Voir
Kirk Douglas dans un film de Brian De Palma m'a toujours paru un peu
incongru, moins dans Furie que dans Home movies, jamais
vraiment diffusé en France et franchement bizarroïde. Furie
est plus classique et démarre sur les chapeaux de roue, plutôt en
nage crawlée où son personnage, Peter, nage en compagnie de son
fils Robin (Andrew Stevens), tous les deux en maillots de bain. C'est
sur une idée de corps puissants que Furie démarre et de grande joie
de voir un père et son fils se chamailler pour savoir lequel des
deux est le plus fort.
A
peine ont-ils eu le temps de se reposer qu'une bande de terroristes
en keffieh viennent eux aussi du fond de la mer pour tirer à la
mitraillette sur tout ce qui est vivant. Un carton avait annoncé
qu'on se trouvait au Moyen Orient (la séquence a été tournée en
Israël). Ça tire de partout et Peter parvient à s'échapper en
zodiac avant qu'une explosion ne l'élimine sous les yeux de Robin.

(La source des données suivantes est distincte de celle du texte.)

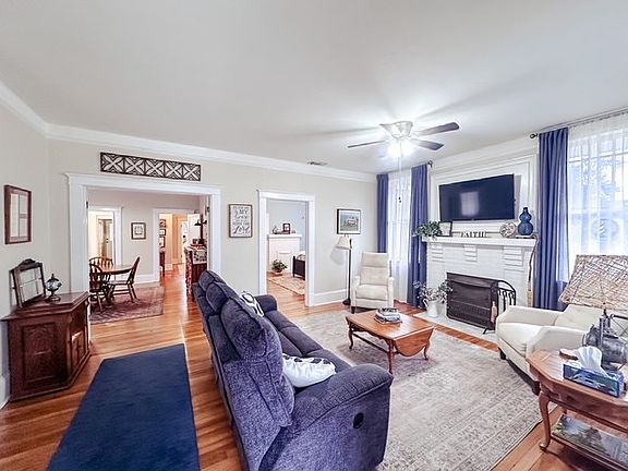 Beautiful 1948 Craftsman-style home filled with charm and character! Features include high ceilings, transoms, old coal burning fireplaces in living room and bedrooms, original hardwood floors, wide front porch, and a classic portico. Enjoy a cozy living room with lots of natural light and a large formal dining room separated from the kitchen by a butler's pantry with original built-ins, currently used as an office. The kitchen offers a walk-in pantry and stainless appliances. The updated bathroom blends modern convenience with period tile and fixtures. Two large bedrooms provide plenty of space. Outside, you'll love the fenced backyard, brick shed, and a camper/boat shelter that also makes a great outdoor entertaining area. Other features worth mentioning are a brand-new HVAC, spray foam insulation, tankless hot water heater, and great attic storage! Move-in ready and full of personality, this one is a rare find!
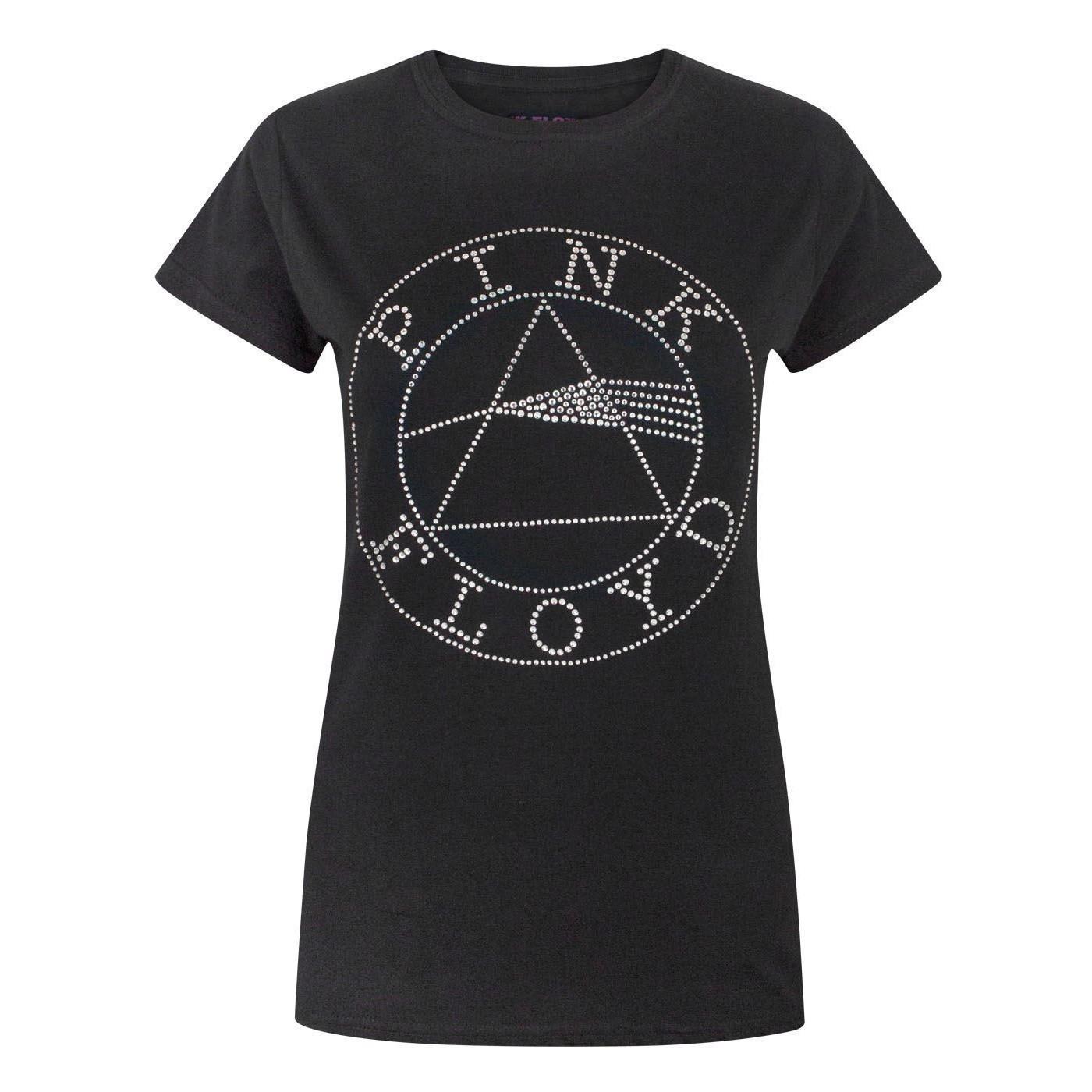 Dieses T-Shirt verfügt über einen klassischen Rundhalsausschnitt und kurze Ärmel und bietet eine bequeme und vielseitige Passform. Die Vorderseite ist mit einer auffälligen, mit Strasssteinen verzierten Grafik versehen, die das ikonische Albumcover "Dark Side Of The Moon" zeigt.

En tout cas, c'est ce que le fils croit. Mais le spectateur sait que
tout cela a été commandité par Childress (John Cassavetes) qu'on
avait cru être un ami très proche de Peter.
Quelque
temps plus tard, c'est une autre plage que filme Brian De Palma,
celle de Chicago au bord du lac Michigan. Comme sur la plage du
début, les corps sont à moitié nus, les hommes et les femmes
harassés par la chaleur prennent du bon temps. Là ce sont deux
jeunes femmes qui émergent de la foule des badauds, parmi elles
Gillian (Amy irving) surveillée de près par un type qui détonne
puisqu'il est en costume cravate par cette chaleur, un certain
Raymond (William Finley) qui téléphone d'une cabine qu'il a trouvé
Gillian.
La
grande question de Furie reste donc de savoir ce qui lie ces
deux séquences introductives au-delà de leur approche maritime et
des corps exhibés. Il s'agit de faire se rencontrer Gillian et
Robin, ces deux corps montrées sous toutes les coutures masquent des
cerveaux hors du commun. L'idée du film est là toute bête, une
bataille entre les corps et l'esprit. Car au bout d'une moment où
Brian De Palma explore un certain suspense sur leur lien, on le
comprend vite, Gillian et Robin sont doués du pouvoir de
télékinésie.
Preuves
à l'appui, d'abord avec Gillian qui fait l'expérience avec une
psychiatre, la Docteur Ellen Lindstrom (Carol Rossen). Gillian
parvient, sans aucun effort, à faire bouger un train miniature. Amy
Irving joue ici, comme dans Carrie, une lycéenne. On a donc droit à
une scène où les autres lycéennes se moquent d'elle, comme
elle-même le faisait dans Carrie. Avec un effet de jump cut et de
gros plans, on découvre que Gillian a aussi le pouvoir de faire
saigner les gens. Brian De Palma sera si content de son effet qu'il
le reproduira à l'envi dans son film.
C'est
plus tard dans le film qu'on constate les pouvoirs de Robin.
Contrairement à Gillian, Robin a une grande conscience de l'étendue
de ses pouvoirs et de leur effet destructeur. On s'en aperçoit lors
d'une fête foraine où il fait tourner la roue d'un manège jusqu'à
en éjecter un siège (c'était des Arabes, Robin se venge de la
« mort » de son père). Robin n'a plus besoin de toucher
les gens pour les tuer et il est capable de s'élever dans les airs.
Il a acquis une position de demi dieu, il est devenu une arme aux
mains de Childress.
Le
personnage que compose John Cassavetes est de plus en plus inquiétant
au fur et à mesure du film. Brian De Palma s'amuse à la filmer en
contre-plongée, son regard est d'une noirceur extrême. Son corps
est abîmé, Peter dans la séquence d'ouverture l'avait blessé au
bras. Avec son costume sombre, il apparaît comme le véritable
monstre du film, lui qui tient prisonnier Robin dans un château loin
du regard des autres. Il veut que Gillian rejoigne son prisonnier.
Quant à Peter, il fera tout pour libérer son fils des griffes de
Childress.
Je
reviens pour finir sur le corps de Kirk Douglas, un corps athlétique.
Dans sa deuxième séquence à Chicago, il est encore en caleçon, il
fuit les hommes de Childress. Il fait des cascades, escalade les
escaliers de secours, traverse les voies de métro, il court. Il
transforme son corps pour tenter de passer inaperçu (il se blanchit
les cheveux à la javel dans une des rares scènes humoristiques où
il sympathise avec une vieille dame). A lui tout seul, il transforme
un thriller psychologiue en film d'action, c'est vraiment étonnant.